A seguir, trechos da entrevista:
Flexibilização
Ao se posicionar contra a proposta que abre espaço para a flexibilização, Fernandes diverge de certa forma do presidente do Tribunal Superior do Trabalho (TST), Ives Gandra Filho, que já indicou apoio ao Projeto de Lei 4.962/2016, que trata da flexibilização.
“Tenho uma posição um pouco divergente porque entendo que num período de alto índice de desemprego dar uma autonomia maior para a negociação coletiva significa, como regra, retirar direitos do trabalhador”, justifica.
Ataques à CLT
Ao falar sobre as ameaças contra a CLT, o magistrado destacou: “Estamos falando de direitos consolidados, e de repente, num momento de dificuldade econômica, você pode por tudo isso a perder. Numa alteração legislativa em que você, supostamente, estaria beneficiando os trabalhadores, estaria prejudicando quem mais precisa da proteção da lei. Vejo com muita ressalva e preocupação essa flexibilização”.
E completou: “Ela cumpre seu papel [a CLT], não tem de ser refeita, tem de ser sofrer algumas adaptações para atender uma situação específica. Acho que regula razoavelmente bem as relações entre capital e trabalho”.
E rebateu o discurso daqueles que defendem que a CLT está ultrapassada. “A pretexto de quebrar esse engessamento [da economia] é que se chega nessa questão da flexibilização. O que pode ocorrer em alguns casos, mas isso não depende da CLT”, afirmou. Segundo ele, colocam, erroneamente, na conta da CLT os gargalos para gerar e manter os postos de trabalhos formais no país.
Terceirização
Na oportunidade, o magistrado também criticou o PLC 30, que trata da terceirização e tramita nesse momento no Senado.
“Acho que a terceirização precisa, sim, ser regulamentada. Mas entendo que o que deva ser regulamentado é a terceirização da atividade-meio, basicamente. Terceirizar a atividade-fim significa, nesse aspecto, precarização de direitos”, afirmou ele.
Negociado sobre o Legislado
Fernandes também externou sua posição sobre o debate em torno da ameaça do negociado se sobrepor ao legislado (quando o patrão manda mais que a Lei) e indicou críticas ao projeto que tramita na Câmara dos Deputados que abre caminho para essa proposta.
“Também vejo esse assunto com uma certa preocupação. Entendo que num período de alto índice de desemprego dar uma autonomia maior para a negociação coletiva significa, como regra, retirar direitos do trabalhador. Num período de pleno emprego, a negociação se faz com absoluta posição de igualdade.

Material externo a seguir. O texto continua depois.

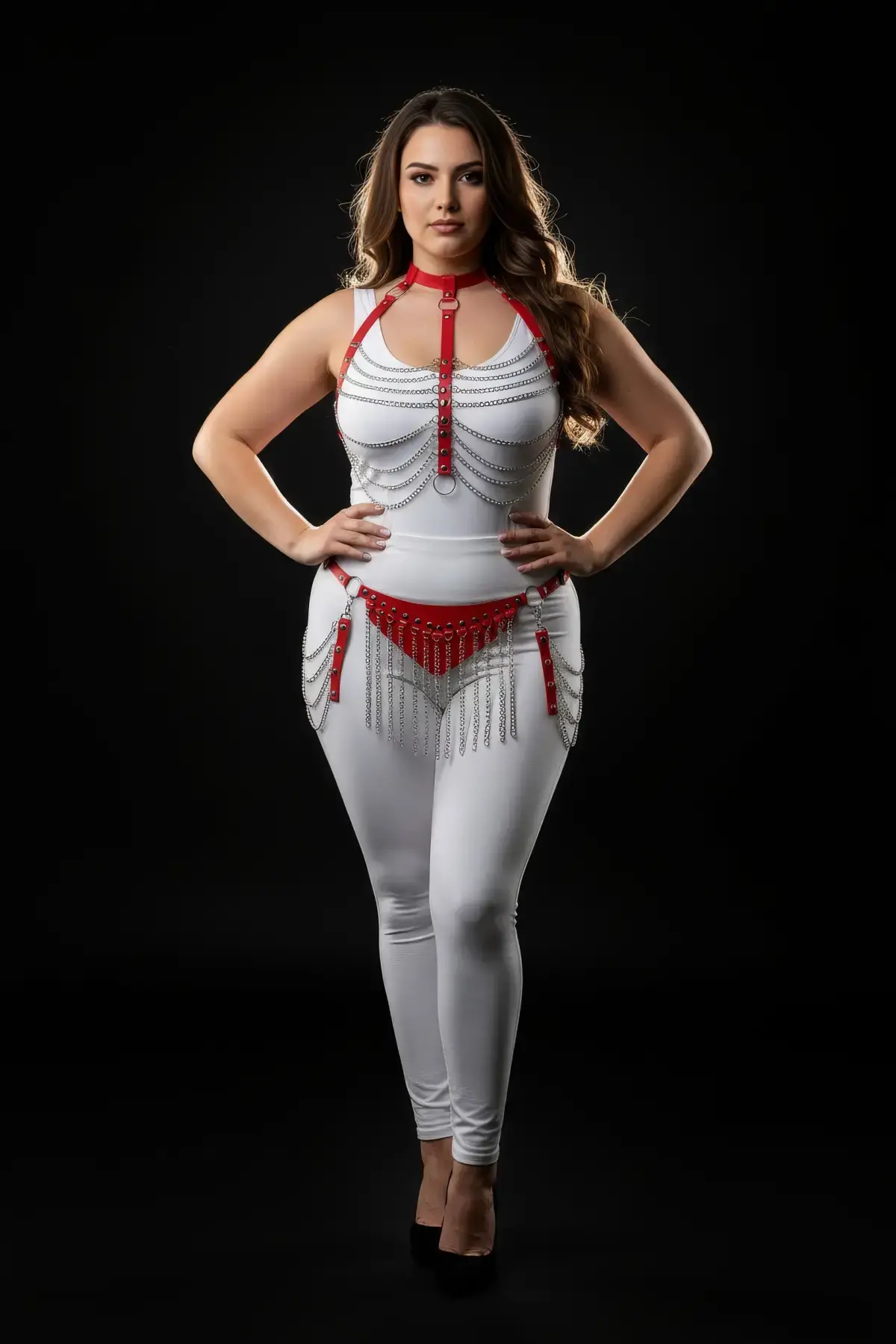 Büyük Beden Kırmızı Kadın Deri Harness Takım Zincir Detaylı Fantezi Aksesuar - APFT1350
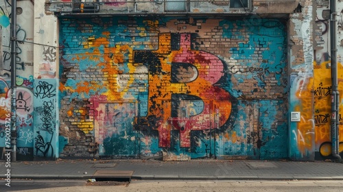 Fototapeta premium A vibrant and colorful graffiti of the Bitcoin symbol on a brick wall,...
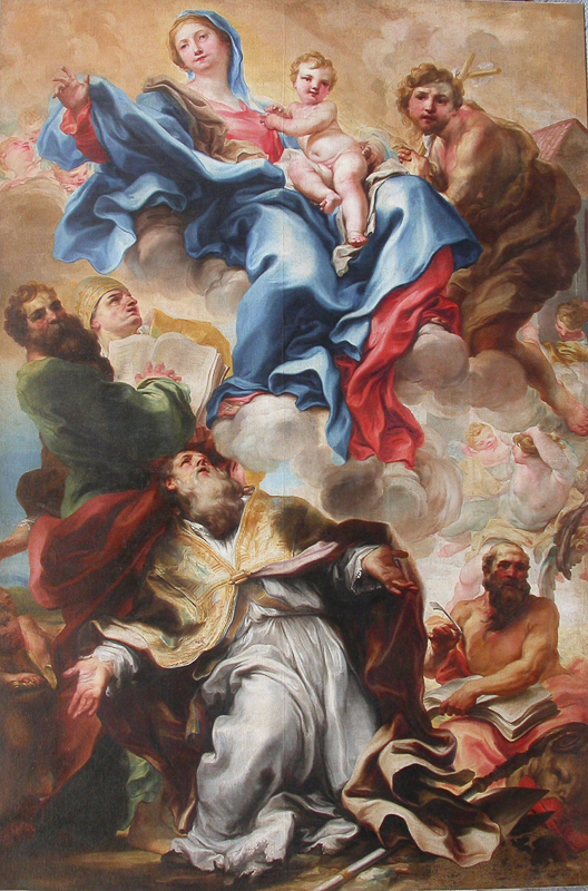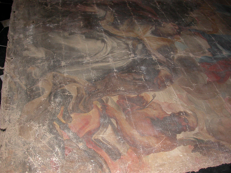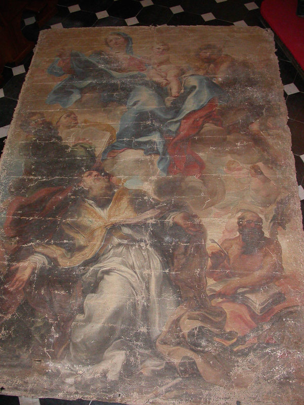 Era stata commissionata per l’altar maggiore della chiesa degli Agostiniani (tuttora esistente, anche se molto rovinata), ma era rimasta lassù per meno di un secolo. I religiosi, assai poco amati in paese, venivano espulsi nel 1797 dal regime filo-francese; e la pala di Gregorio era troppo emblematica per non essere coinvolta nella loro radicale damnatio memoriae. Non distrutta, ma tirata giù dall’altare: staccata dal telaio e “riposta”, per essere dimenticata.
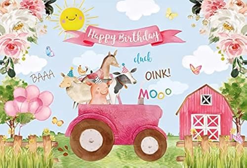 Renaiss 2.2x1.5m Dessin animé Ferme Toile de Fond Animaux Joyeux Anniversaire Photographie Fond Rose Fleurs Grange Camion clôture Enfants fête gâteau Table décoration Studio Stand Accessoires
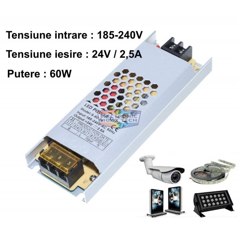 1 x Sursa de Alimentare Slim 24V-2,5A/60W
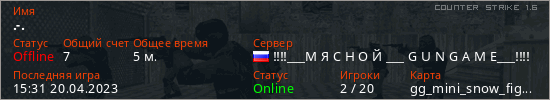 Играет на Counter Strike 1.6 сервере. Страна: РоссияПервый раз замечен 15:19 20.04.2023
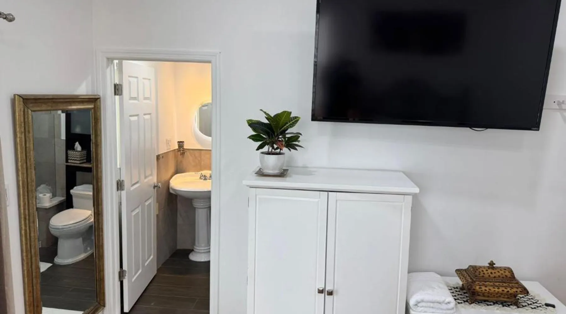 Comfortable Accommodations: Dayton Dream in Newark offers homestay accommodations with air-conditioning, private bathrooms, and free WiFi. Each room includes a tea and coffee maker, mini-bar, and work desk. Convenient Facilities: Guests can relax on the sun terrace or balcony and enjoy free off-site parking. Additional amenities include a coffee shop, 24-hour front desk, tour desk, and luggage storage. Prime Location: Located 3.1 mi from Newark Liberty International Airport, Dayton Dream is near attractions such as Prudential Center (3.7 mi) and Lincoln Park (3.1 mi). Highly rated for its host, connectivity, and room cleanliness. Offering free toiletries, this double room includes a shared bathroom with a shower, a hairdryer and slippers. This double room features air conditioning, a mini-bar, flat-screen TV with satellite channels, as well as chocolate for guests. The unit offers 1 bed.

Num período de desemprego, o trabalhador está em desvantagem”, alertou.
Papel do TRT em São Paulo
Em 2015, o TRT recebeu um número recorde de processos, foram 460 mil processos e que, na opinião de Fernandes, é reflexo do momento econômico que o país vive.
“Estamos falando de dissídios individuais, reclamações. Mas eu observei também que, para ter uma ideia, em 2014 foram feitas aproximadamente 240 audiências de dissídio coletivo. Em 2015, eu fiz 320. Este ano, de fevereiro a junho, fiz 200, o que significa que devemos passar de 400 dissídios coletivos”, enumerou ele.
Mais
Natural de Brotas, no interior paulista, que conta visitar regularmente, Fernandes chegou a São Paulo aos 18 anos (tem 61). Trabalhou durante dez anos no Tribunal Regional Eleitoral, estudou na Faculdade de Direito da Universidade de São Paulo (USP), foi nomeado por concurso para o cargo de procurador do Estado (em 1984). Dois anos depois, tornou-se juiz do Trabalho substituto. A partir de 1986, exerceu a presidência da 16ª Junta de Conciliação e Julgamento (atual Vara do Trabalho), até 2002, quando foi para o TRT.